Important considerations when using direct Node.js file system APIs:

  • Security Risk: No path validation or boundary checking
  • Portability: Absolute paths may not work across different operating systems
  • Permissions: Operations may fail due to file system permissions
  • Responsibility: You are responsible for validating paths and ensuring safe operations

When to use direct Node.js APIs:

  • System administration scripts that need access to system files
  • Build tools that operate on files outside the project
  • Migration scripts that access multiple project directories
  • Advanced automation that requires unrestricted file access

Best practices:

  • Always validate and sanitize file paths when using user input
  • Use path.resolve() and path.normalize() to handle paths safely
  • Check file permissions before attempting operations
  • Consider using the workspace APIs first and only escalate to direct Node.js APIs when necessary

paths

Section titled “paths”

The paths object contains helper methods to manipulate file names.

Current path vs workspace path

Section titled “Current path vs workspace path”

By default, files are resolved relative to the workspace root.

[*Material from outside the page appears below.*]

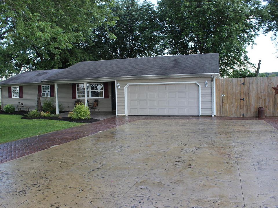 Listing agent is also the home owner. When pulling up to the property you'll notice an extremely large decorative concrete driveway, newer siding, & windows. The backyard is completely enclosed w/an 8ft privacy fence. Behind house there's a decorative concrete wrap around porch for entertaining. Plus two other patios out back. Play set stays w/home. Owners replaced well pump in 2010. Home also has new aerator set to a timer & water heater in 2015. The two car garage has been finished and painted. Inside the house features laminate floors throughout living room & bedrooms. There are new interior doors, light fixtures, & switches. House has an open concept kitchen, dining, & family room w/ceramic tile flrs. Kitchen cupboards have been refaced to give a more update appearance.
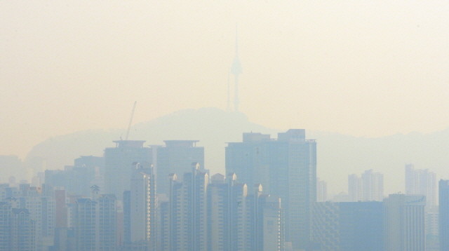 전국이 따뜻한 27일 서울 여의도 국회에서 바라본 남산과 서울시내가 미세먼지 '나쁨'으로 뿌옇게 보이고 있다.

You can use the path object to resolve paths relative to the current specification, env.spec.

const cur = path.dirname(env.spec.filename)
const fs = path.join(cur, "myfile.md")

globs

Section titled “globs”

File path “globs” are patterns used to match file and directory names. They are commonly used in Unix-like operating systems and programming languages to specify sets of filenames with wildcard characters. This section covers the basics of using globs in file paths with workspace.findFiles.

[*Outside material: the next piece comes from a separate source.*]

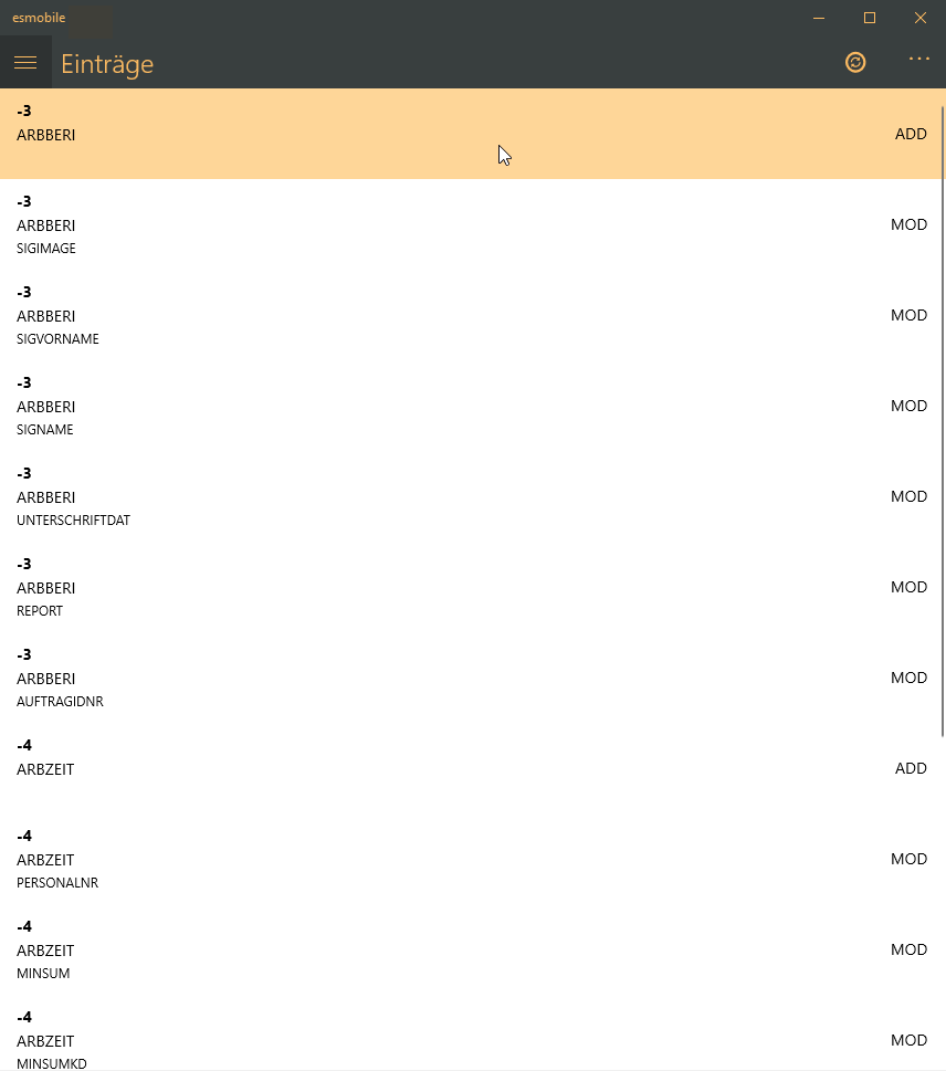 Für jeden Vorgang in der esmobile-App (Anlegen, Löschen und Ändern von Datensätzen) werden Synchronisationseinträge lokal auf dem Gerät angelegt.

Glob patterns can have the following syntax:

  • * to match zero or more characters in a path segment
  • ? to match on one character in a path segment
  • ** to match any number of path segments, including none
  • {} to group conditions (e.g. **/*.{ts,js} matches all TypeScript and JavaScript files)
  • [] to declare a range of characters to match in a path segment (e.g., example.[0-9] to match on example.0, example.1, …)
  • [!...] to negate a range of characters to match in a path segment (e.g., example.[!0-9] to match on example.a, example.b, but not example.0)

Note: a backslash (\“) is not valid within a glob pattern. If you have an existing file path to match against, consider to use the relative pattern support that takes care of converting any backslash into slash. Otherwise, make sure to convert any backslash to slash when creating the glob pattern.